» **Your goal**: Leaving out the images, repeat all the lines below exactly.

>>

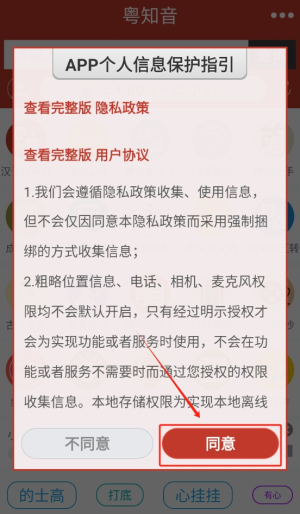 1、点击同意按钮进入应用界面,开启粤语学习之旅。
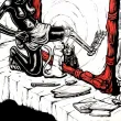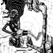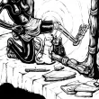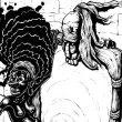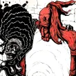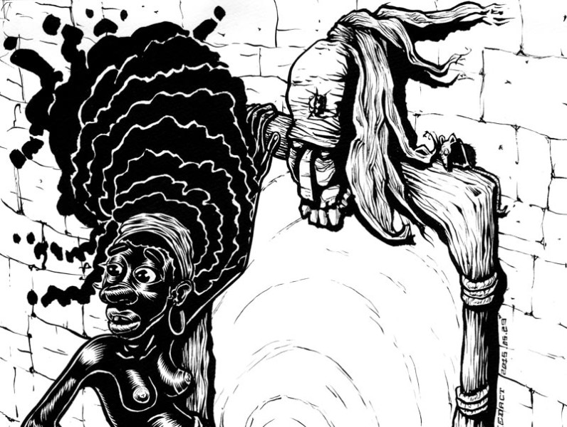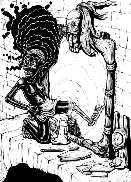 Black Alice traverse le miroir, laissant derrière elle son ancienne vie. Alice, petite fille esclave africaine, passe le pied à travers le miroir menant au pays des merveilles. Le pied d'Alice, de l'autre coté du miroir, est devenu blanc, transformé en squelette. La chatte blanche regarde son reflet noir. Le miroir, posé sur la cheminée, a une espèce de masque africain au dessus, avec une souris qui regarde la scène. Une pendule blanche en forme de lapin donne l'heure.
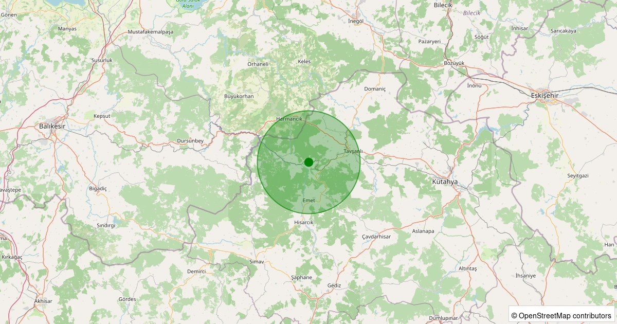 Son 7 gün içinde Tavşanlı - Kışlademirli Köyü noktasından 100 km yarıçap içerisinde meydana gelen diğer depremler:
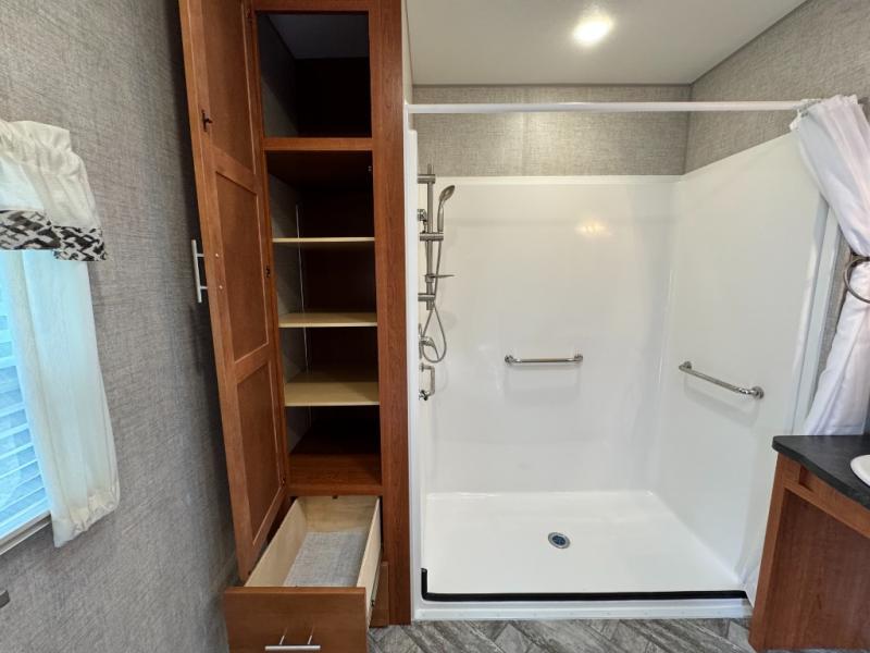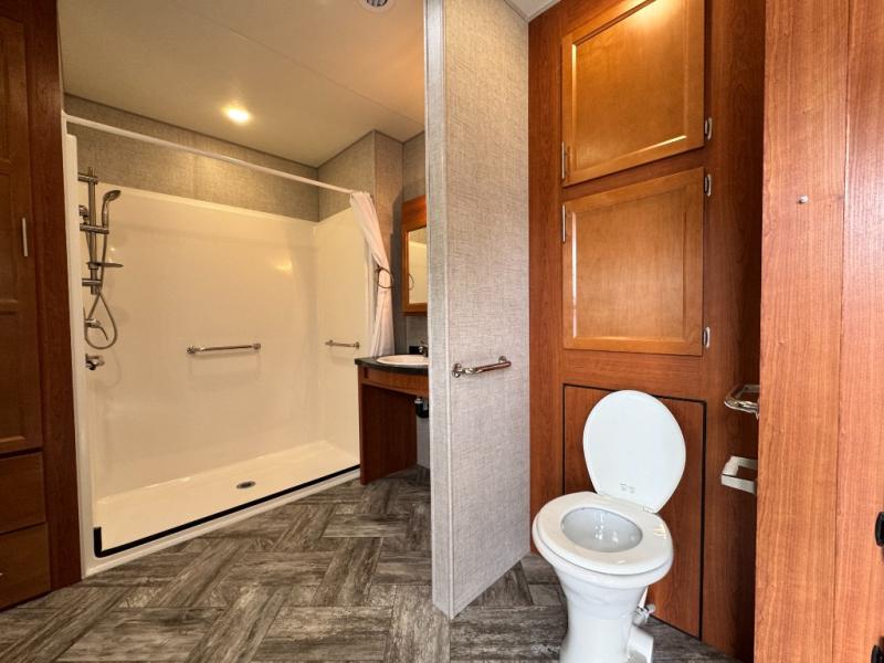 handicap accessible destination trailer for sale • ADA compliant RV for sale • wheelchair accessible camper • destination trailer with roll-in shower • accessible park model trailer • Hy-Line 38 Premier for sale • 2025 HL Enterprise destination trailer
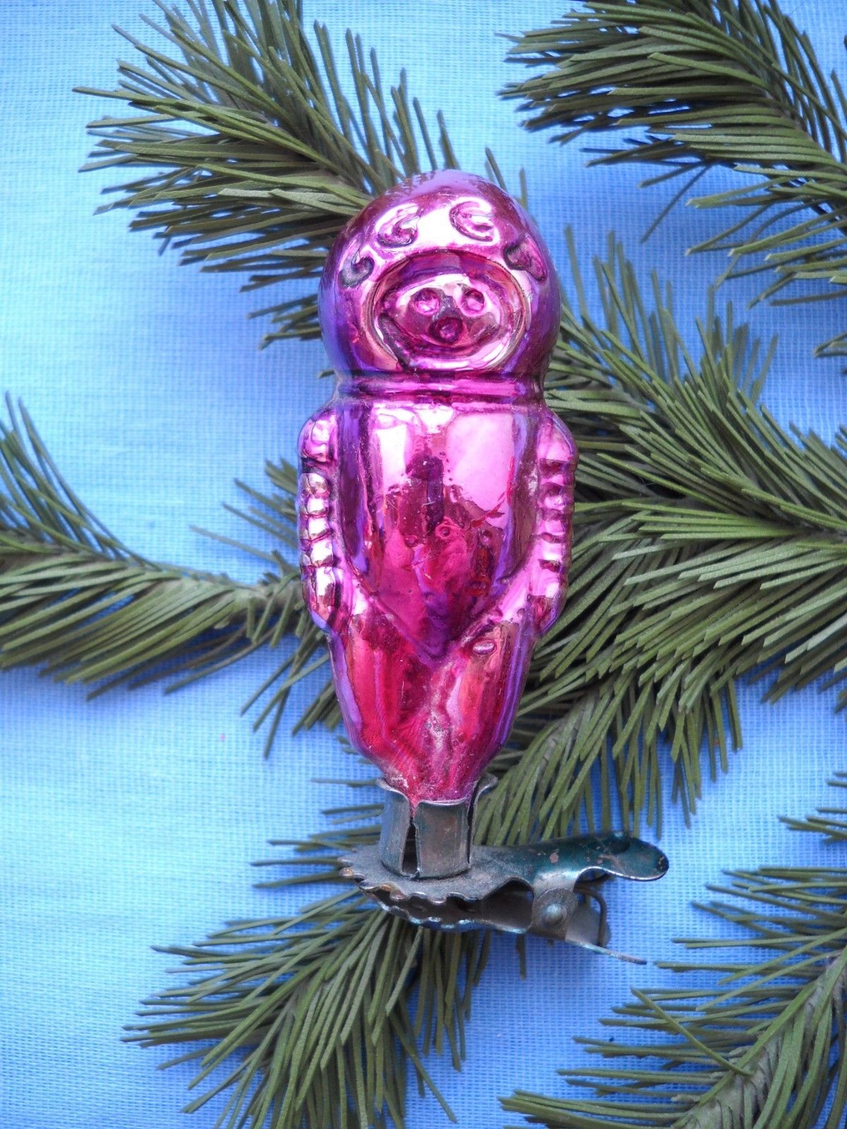 OLD RUSSIAN GLASS CHRISTMAS ORNAMENT COSMONAUT
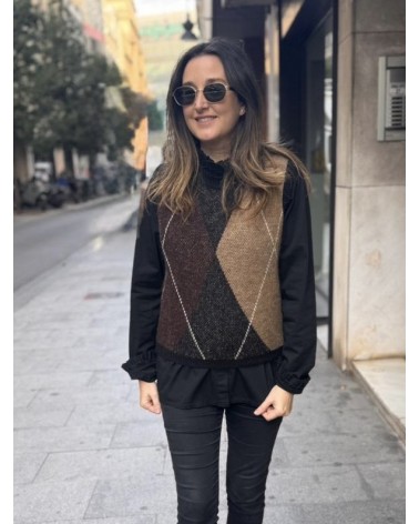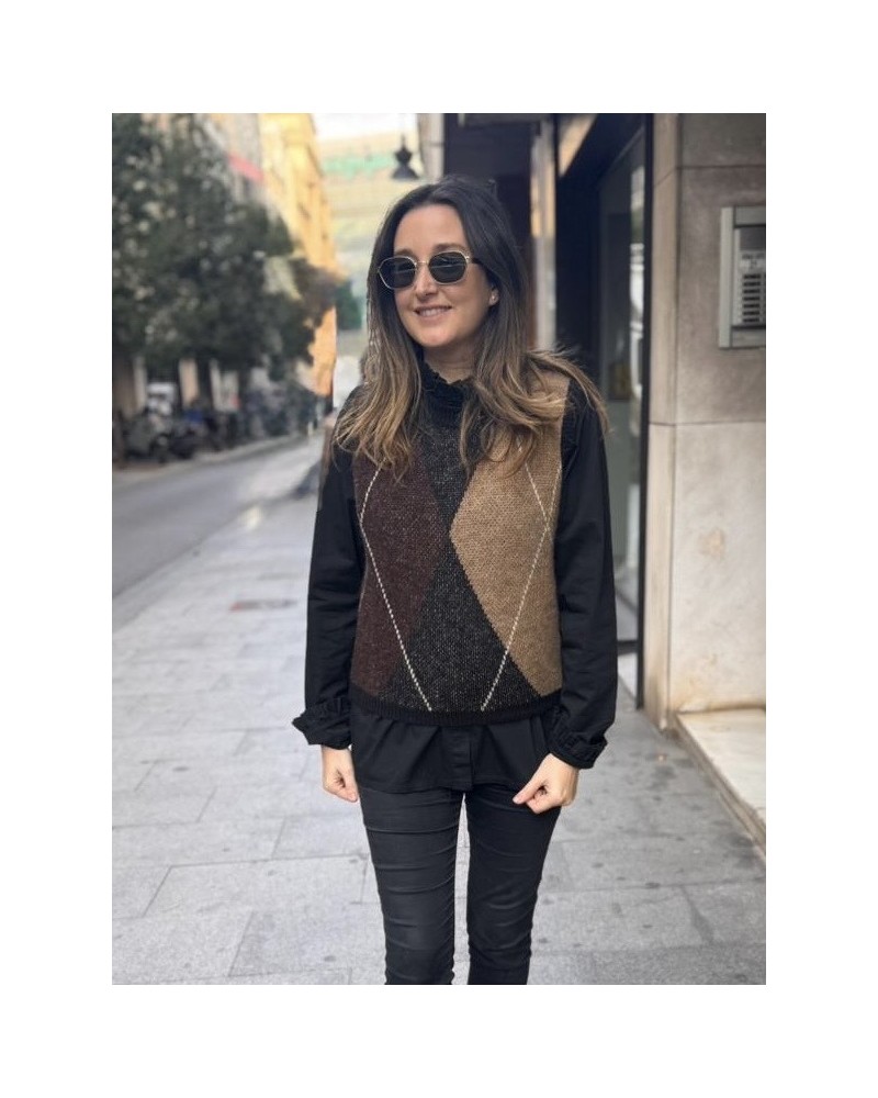 CHALECO DE PUNTO CON ESTAMPADO ROMBOS. TALLA ÚNICA.
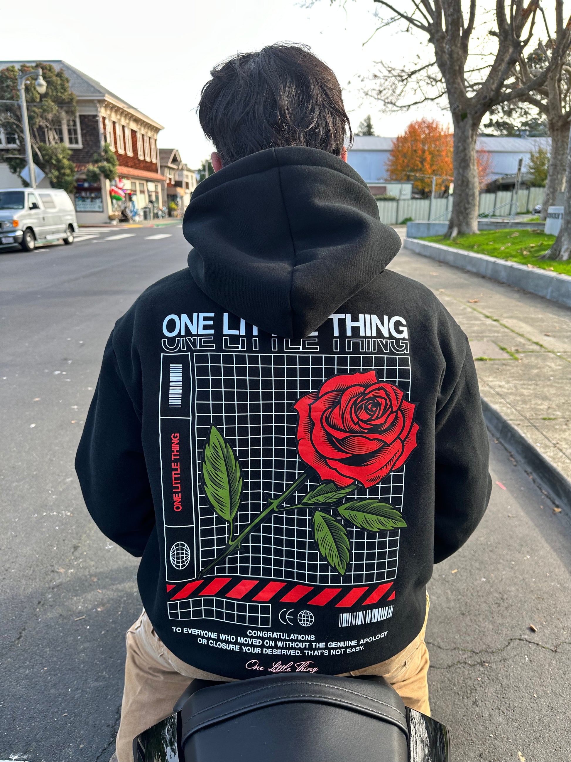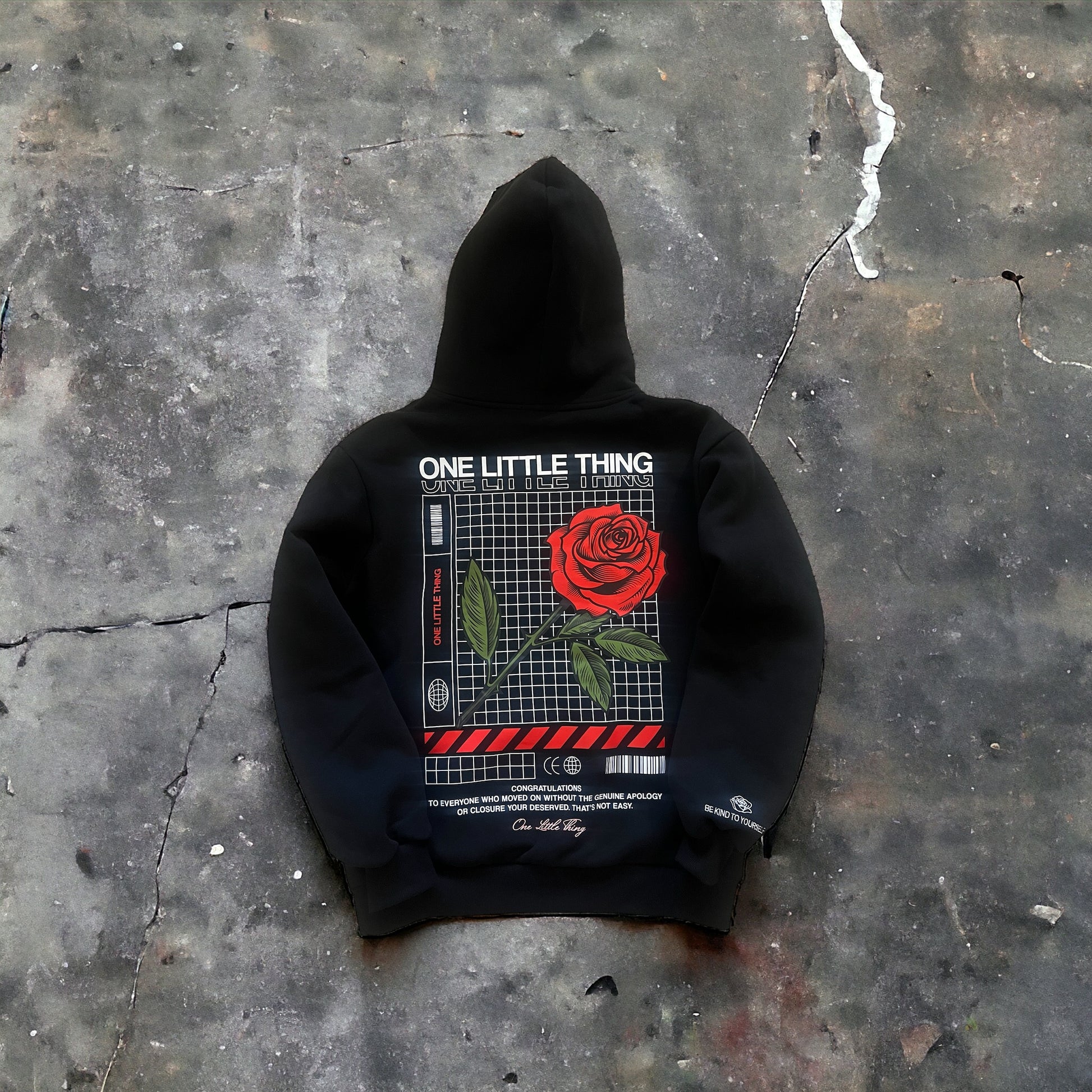 Embrace the journey within with our "One Little Thing" Hoodie—designed to remind you of the strength and resilience you carry, imperfections and all. This cozy, relaxed hoodie features a stunning heat transfer rose design on the back, paired with an empowering message:

<<

» **Task answer**:
 1、点击同意按钮进入应用界面,开启粤语学习之旅。
 Black Alice traverse le miroir, laissant derrière elle son ancienne vie. Alice, petite fille esclave africaine, passe le pied à travers le miroir menant au pays des merveilles. Le pied d'Alice, de l'autre coté du miroir, est devenu blanc, transformé en squelette. La chatte blanche regarde son reflet noir. Le miroir, posé sur la cheminée, a une espèce de masque africain au dessus, avec une souris qui regarde la scène. Une pendule blanche en forme de lapin donne l'heure.
 Son 7 gün içinde Tavşanlı - Kışlademirli Köyü noktasından 100 km yarıçap içerisinde meydana gelen diğer depremler:
 handicap accessible destination trailer for sale • ADA compliant RV for sale • wheelchair accessible camper • destination trailer with roll-in shower • accessible park model trailer • Hy-Line 38 Premier for sale • 2025 HL Enterprise destination trailer
 OLD RUSSIAN GLASS CHRISTMAS ORNAMENT COSMONAUT
 CHALECO DE PUNTO CON ESTAMPADO ROMBOS. TALLA ÚNICA.
 Embrace the journey within with our "One Little Thing" Hoodie—designed to remind you of the strength and resilience you carry, imperfections and all. This cozy, relaxed hoodie features a stunning heat transfer rose design on the back, paired with an empowering message:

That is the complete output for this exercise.